Biometric Spyware
Wednesday, February 11th, 2009I know what your thinking. Your thinking “you know, soon we won’t need passwords. We will just scan a fingerprint or something.” I am here to tell you that this is most likely naive. I don’t want to rain on anyone’s parade but there are some big problems combining biometrics and the internet. Big problems. I’m not talking about the current finger scanner solution found on your state-of-the-art laptop. That is a locally stored biometric secret used to manage your identity on your laptop. That is not so bad. I am talking about large, centralized databases of biometric secrets. I am talking about a system where I can use your finger scanner to access my files over the internet.
If a biometric identifier is a value computed strictly from physical trait(s) then THAT VALUE IS STATIC. Fingerprint, palm, footprint, retina, dna. It doesn’t matter. Any one of them. Any two of them. All of them combined. They all add up to one large string of characters that never changes. All you need to know is this. If your biometric value is obtained by some stranger AND that stranger can feed your value into the authorization channel then guess what… Your identity is compromised for the life of the system. It is not my intention to slight biometric efforts. But think about what the current solution would be. The internet is currently susceptible to spyware. Slap a biometric device on the front. The internet is still susceptible to spyware. Only now its worse. The internet becomes susceptible to biometric spyware.

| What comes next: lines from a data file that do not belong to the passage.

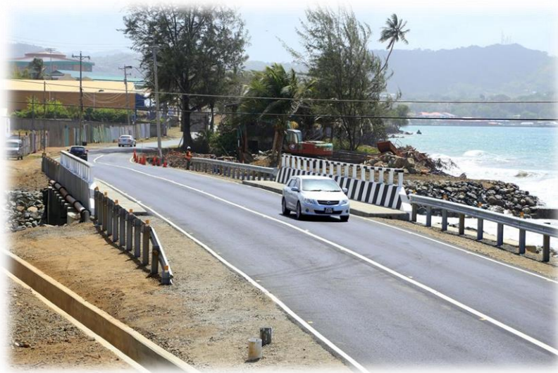
Hii '65' Recently Constructed Road Network

99. The sum of $4.0 million will be used for the upgrade of Claude Noel Highway between the Rockley Vale intersection to Bacolet. An allocation of $2.0 million will be provided for the continuation of upgrades to Milford Road, from the Environment Department, Shaw Park to the Orange Hill intersection. Funds totalling $2.0 million will be allocated for the completion of the Thompson River Bridge and the commencement of works on the Signal Hill River Bridge.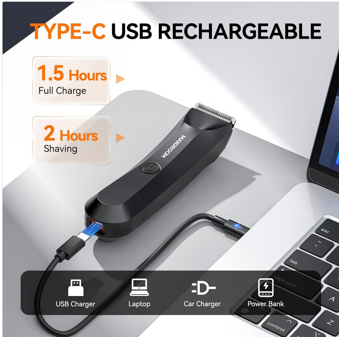
Figure 2: The trimmer being charged using the USB-C cable, compatible with various USB power sources.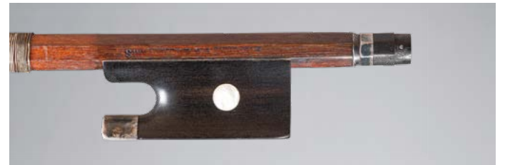
No. 350 Very fine violin bow by Eugène Nicolas SARTORY Made around 1895, stamped «A.Michel.6.R.Gaillon Paris», silver-mounted. 48.7g, without hair and with light wrapping. Good condition.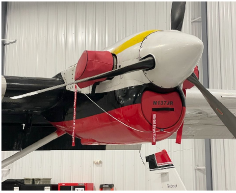
DeHavilland DH-6 Intake Plugs, Exhaust Covers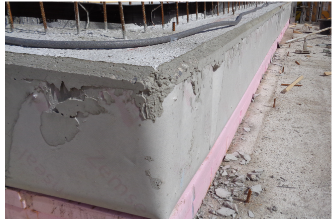
Edge with Zemseal® and Fradiflex®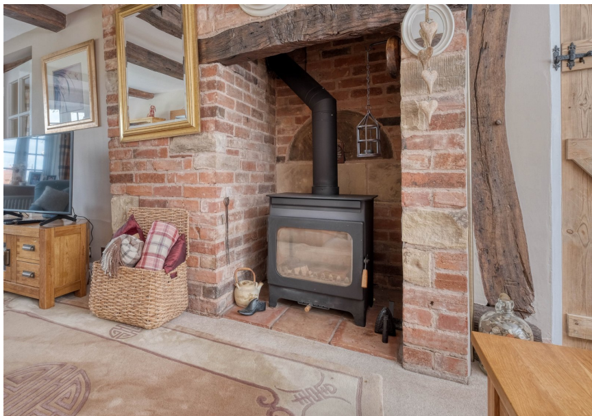
The Cottage, Beoley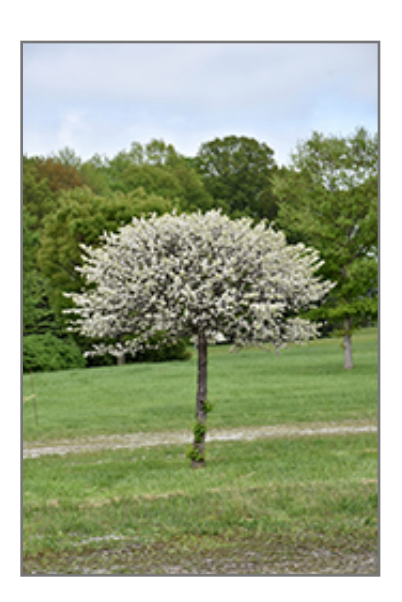
Lollipop Flowering Crab in bloom

* This is a 'special order' plant - contact store for details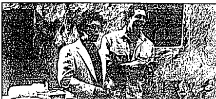
Curtie Armstrong (left), a graduate of Oakland University's former Academy of Dramatic Art, and Steve Guttenberg are fellow students in "Bad Medicine," one of two movie comedies released this year featuring Armstrong in the cast.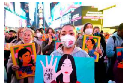
People rally calling for action and awareness on rising incidents of hate crime against Asian Americans in Times Square in New York City on 16 March.

But what's different this time, says Zia, is that more people recognize the problem. In the 1980s, Zia helped bring about the first federal civil rights case involving an Asian American: Vincent Chin, a Chinese American man was beaten to death by two white auto-workers who took him for Japanese and blamed Japan for the car industry's struggles. They were merely fined $3,000 each for the killing. Today Asian Americans, the fastest-growing racial or ethnic group in the US, are finally in a position to do more than stock up on pepper spray and hope for the best. Meanwhile, academic research on implicit and unconscious bias, improvements in data collection, and social movements like Black Lives Matter have contributed to greater understanding about racism and bias, and the ways that can translate into hate speech and violence. From the local through federal level, community advocates and other leaders have been organizing, debating, and building support, aimed at combating the ongoing epidemic of anti-Asian hate.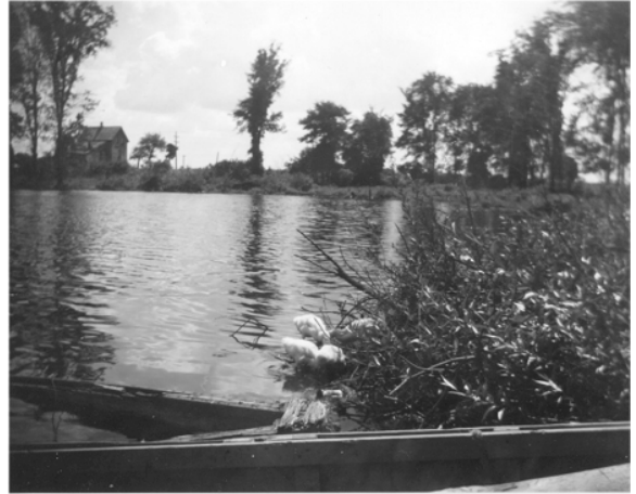
View of the Lukings house from the main lawn of the club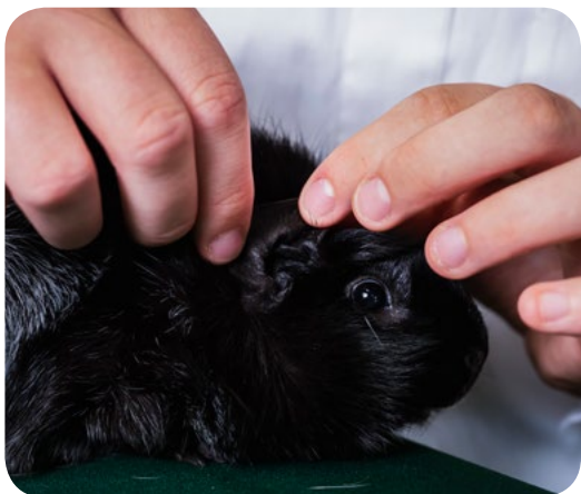
Examining the Cavy: Step 3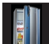
Fusion Direct-Cool Refrigerator Provides more than 17 hours of cooling retention during power outages, compared to other refrigerators that offer only six hours. A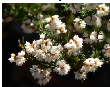
Cryptandra amara var. floribunda JG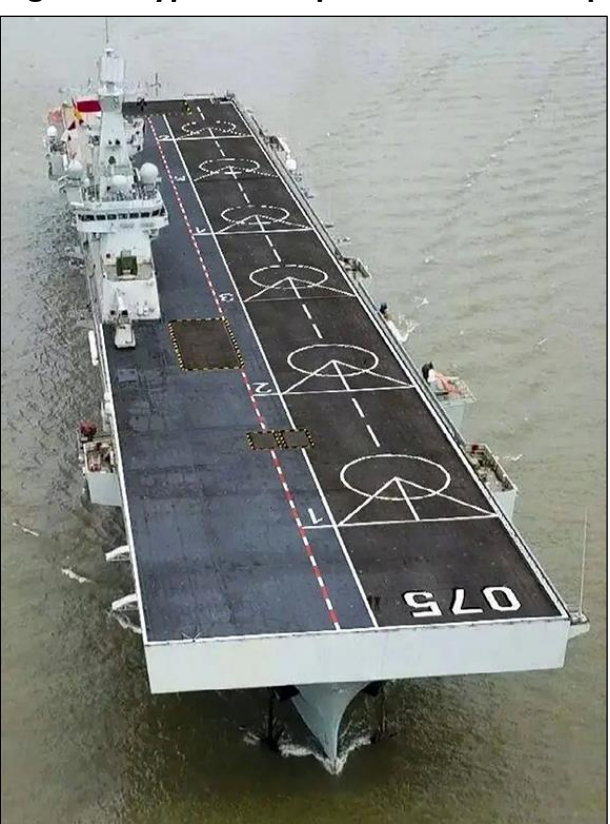
Figure 20. Type 075 Amphibious Assault Ship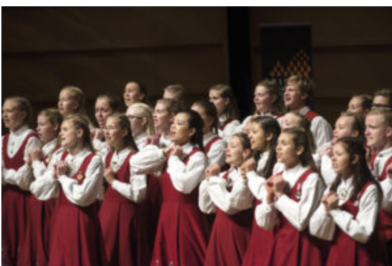
VIVA Sandnes kulturskolekor

With 30.000 members, the Norwegian Choir Association (NCA) is northern Europe's largest organization for choirs and choral conductors. It has a long tradition rooted in the strong, rich choral life of western Norway's Hordaland region. In 1987 it was the NCA that established Norway's first choir competition: 'Syng For Oss' ('Sing for us'). Set up as a biannual national competition open to a wide range of choirs from all kinds of backgrounds, it quickly grew to become an essential part of the country's choral life.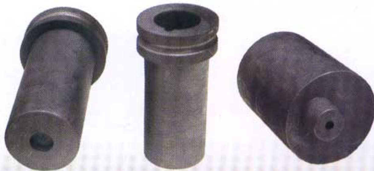
Graphite Crucible For Jewellery Industries

Carbon 'V' block of high quality is used in Diamond Manufacturing Unit. This Carbon 'V' block is use in the machines of diamond industries like sowing machine & grooving machine to support the spindle at two ends. Where the diamonds are cut and given different shapes.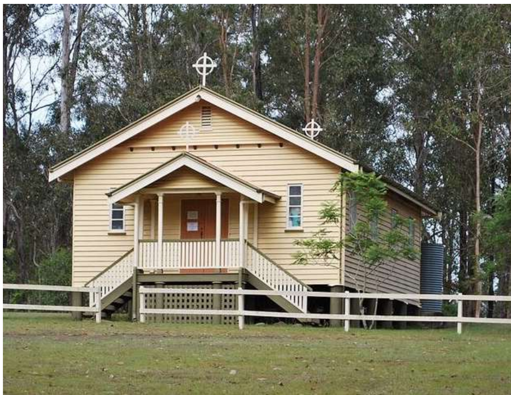
St Thérèse Church, Gunalda

I know there is research being done on something called irrevocable biometrics. This is the study of biometric secrets that can change value. IBM is currently conducting research on irrevocable biometrics. The IBM paper is a complicated read. Good luck to those gentlemen. I am unable to follow the math. But I do follow the logic in their charts. I still see vulnerability with spyware immediately after the biometric feature has been scanned.
Which brings us back full circle to the password. Biometrics are derivations of the body. Passwords are derivations of the mind. One of them can be changed easily. I suggest using both to best emulate identity.